## WHAT THE TASK ASKS
Your reply should be the whole listing, copied exactly, with the pictures left out.

## RECORDED INFORMATION
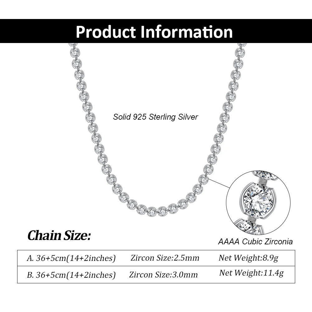 ORSA JEWELS Настоящее серебро 925 пробы теннисное ожерелье 2,5 мм круглая огранка из кубического циркония Ожерелье для теннисного чокера SC51
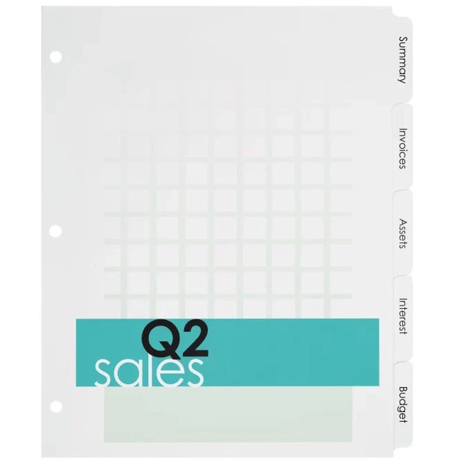 - (5-Pc./Sheet, 25 Sheets/Pack) Print-On Unpunched Dividers – WHT – 11516
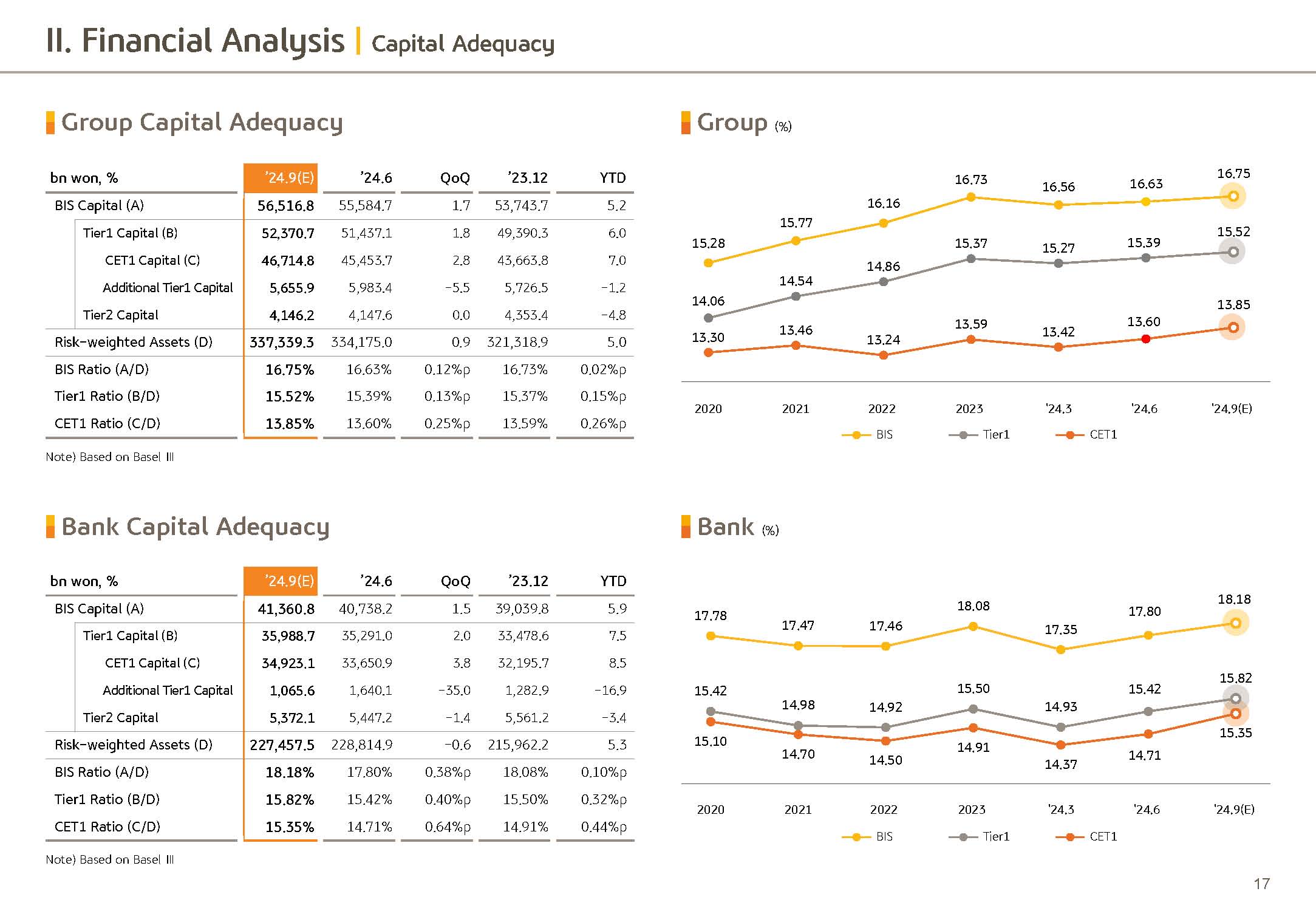 In September, base BIS ratio and CET1 ratio is expected to post 16.75% and 13.85%, respectively. As I

## SOLUTION TO THIS TASK
 ORSA JEWELS Настоящее серебро 925 пробы теннисное ожерелье 2,5 мм круглая огранка из кубического циркония Ожерелье для теннисного чокера SC51
 - (5-Pc./Sheet, 25 Sheets/Pack) Print-On Unpunched Dividers – WHT – 11516
 In September, base BIS ratio and CET1 ratio is expected to post 16.75% and 13.85%, respectively. As I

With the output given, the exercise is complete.